ABSTRACT Type 1 diabetes (T1D) is an autoimmune disease, whose symptoms and complications result in increased morbidity, mortality, and life-long dependence on insulin. The Type 1 Diabetes Genetics Consortium (T1DGC, Stephen Rich, PI) conducted the largest T1D GWAS meta-analysis and identified over 40 T1D risk loci. The T1DGC refined the T1D risk variants by fine mapping with the ImmunoChip and constructing sets of 99% credible single nucleotide polymorphisms (SNPs) within each locus. Bioinformatic analyses of T1D-associated credible SNPs discovered enrichment in regions involved in gene regulation of immune-relevant cell types (CD4 and CD8 T cells, CD19 B cells). Despite these discoveries on the genetic basis of T1D, the mechanisms that define how T1D-associated SNPs contribute to disease susceptibility remain unclear. Here, we propose a powerful and innovative approach to define function of the T1D-associated SNPs and identify their target, causal effector genes through integrated analyses of T1D-relevant tissues. We will (Aim 1) generate an integrated 3D map of the gene regulatory architecture of T1D susceptibility by conducting ATAC-seq, RNA-seq and whole- genome promoter-focused Capture-C analysis on purified human cell populations; (Aim 2) perform single-cell immunophenotyping and eQTL analysis of T1DGC samples using CITE-seq, a single-cell RNA-seq approach guided by DNA-barcoded antibodies against lineage markers to characterize the immune cell subsets identified in Aim 1, allowing us to focus on SNPs that are regulatory and likely contribute to T1D risk; and (Aim 3) conduct functional validation of T1D SNP-gene regulatory effects using CRISPR/Cas9 genome editing in human immune cells to directly test whether these SNPs reside in regions that are required for T1D gene expression using Cas9-mediated editing. Our outstanding research team provides complementary and synergistic approaches to understanding the function and gene targets that modulate genetic risk of T1D. Together, we will establish the mechanisms underlying contribution of T1D-associated SNPs to inflammatory gene regulation and, by revealing the SNP-enhancer-gene link in 3D, are poised to discover novel molecular targets for therapeutic intervention to treat or prevent T1D.

摘要 1型糖尿病(T1D)是一种自身免疫性疾病，其症状和并发症导致 发病率、死亡率和对胰岛素的终生依赖。1型糖尿病遗传联盟(T1DGC， Stephen Rich，Pi)进行了最大规模的T1D GWASMeta分析，确定了40多个T1D风险基因。这个 T1DGC通过与免疫芯片进行精细定位并构建99%可信的集合来提炼T1D风险变量 每个基因座的单核苷酸多态(SNPs)。T1D相关可信基因的生物信息学分析 SNPs在免疫相关细胞类型(CD4和CD8)的基因调控区域发现了丰富 T细胞、CD19 B细胞)。尽管有这些关于T1D基因基础的发现，但定义T1D的机制 与T1D相关的SNPs如何影响疾病易感性尚不清楚。

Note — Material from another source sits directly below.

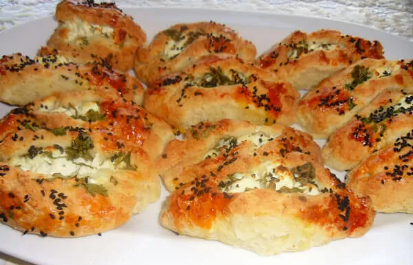 Als erstes geben Sie die Butter, das Öl und den Joghurt einer Schale zu und rühren es. Geben Sie den Salz und den Backpulver dazu. Dann geben Sie allmählich das Mehl dazu. Der Teig soll eine relativ weiche Konsistenz haben. Er soll „so weich, wie das Ohrläppchen“ werden. Nehmen Sie ein Stück von dem Teig ab und rollen Sie es aus. Geben Sie von der Füllung darauf und formen Sie es, wie auf dem Bild. Bestreichen Sie es mit Eidotter und streuen Sie Sesam darüber. Backen Sie die Börek mit Käse bei 180 Grad vorgeheizten Ofen bis es ihre Farbe einnimmt. Fertig!
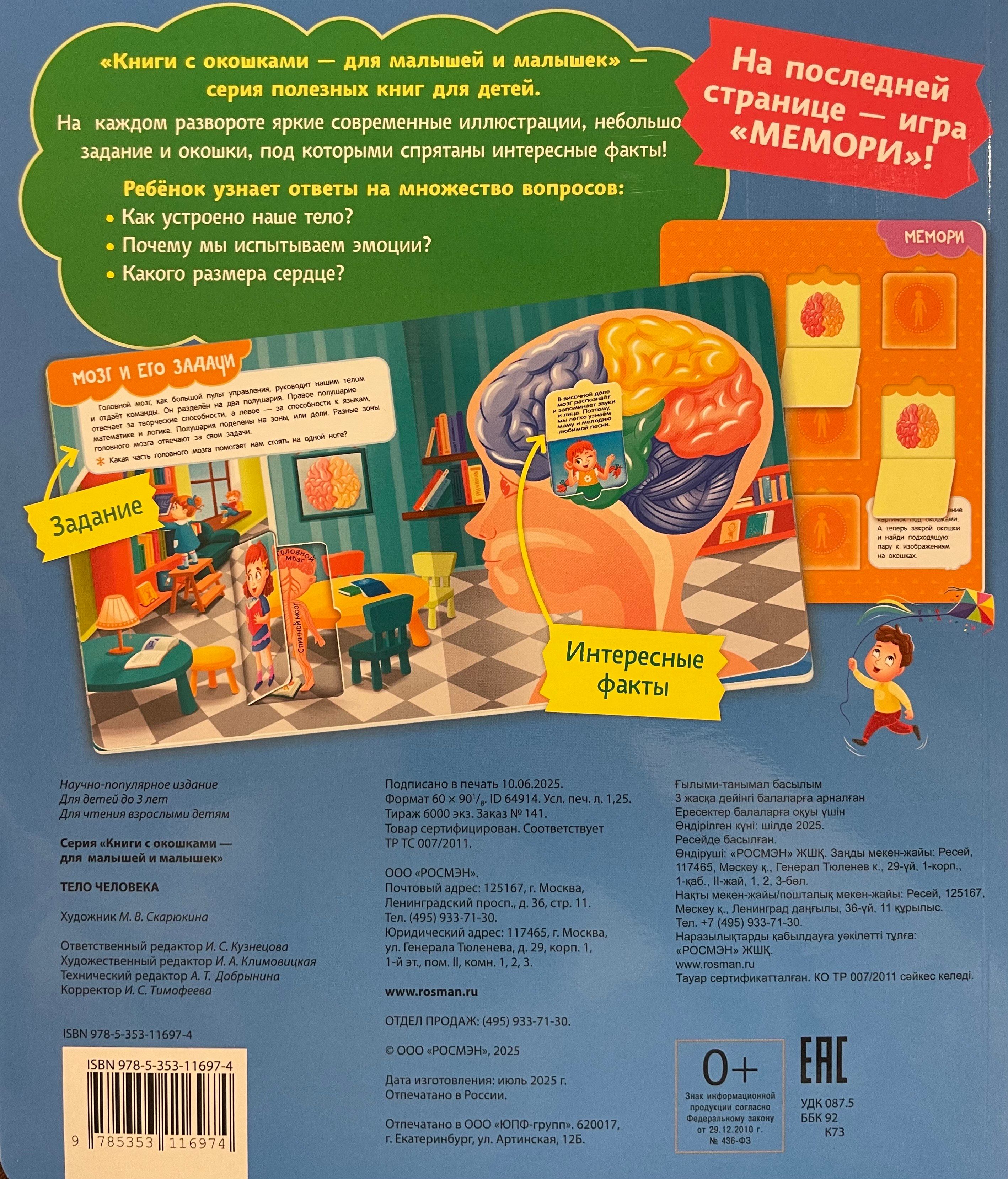 "Grāmatas ar logiem mazuļiem un maziem bērniem" ir noderīgu bērnu grāmatu sērija. Katrā atvērumā ir spilgtas, modernas ilustrācijas, īsa aktivitāte un logi ar paslēptiem interesantiem faktiem! Jūsu bērns uzzinās par cilvēka ķermeņa uzbūvi un atklās atbildes uz daudziem jautājumiem: Cik kaulu ir cilvēkam? Kāpēc mums ir skelets? Kāpēc mēs šķaudām?

在这里，我们提出一种 强大而创新的方法来定义与T1D相关的SNP的功能并确定它们的目标、原因 通过整合分析T1D相关组织的效应基因。我们将(目标1)生成一个集成的3D 用ATAC-seq、RNA-seq和全长序列构建T1D易感性基因调控结构图 基因组启动子聚焦的纯化人类细胞群体的Capture-C分析(目标2)进行单细胞 单细胞RNA-SEQ CITE-SEQ用于T1DGC的免疫表型和eQTL分析 以DNA条形码抗体为导向的免疫细胞亚群鉴定方法 在目标1中确定，使我们能够专注于受监管并可能导致T1D风险的SNPs；以及(Aim 3)使用CRISPR/Cas9基因组编辑进行T1D SNP基因调控效应的功能验证 以直接测试这些SNPs是否位于T1D基因所需的区域 使用Cas9介导的编辑进行表达。我们优秀的研究团队提供了互补和 了解调节T1D遗传风险的功能和基因靶点的协同方法。 我们将共同建立与T1D相关的SNPs在炎症中的潜在作用机制 基因调控，并通过在3D中揭示SNP-增强子-基因链接，有望发现新的分子 治疗或预防T1D的治疗干预的靶点。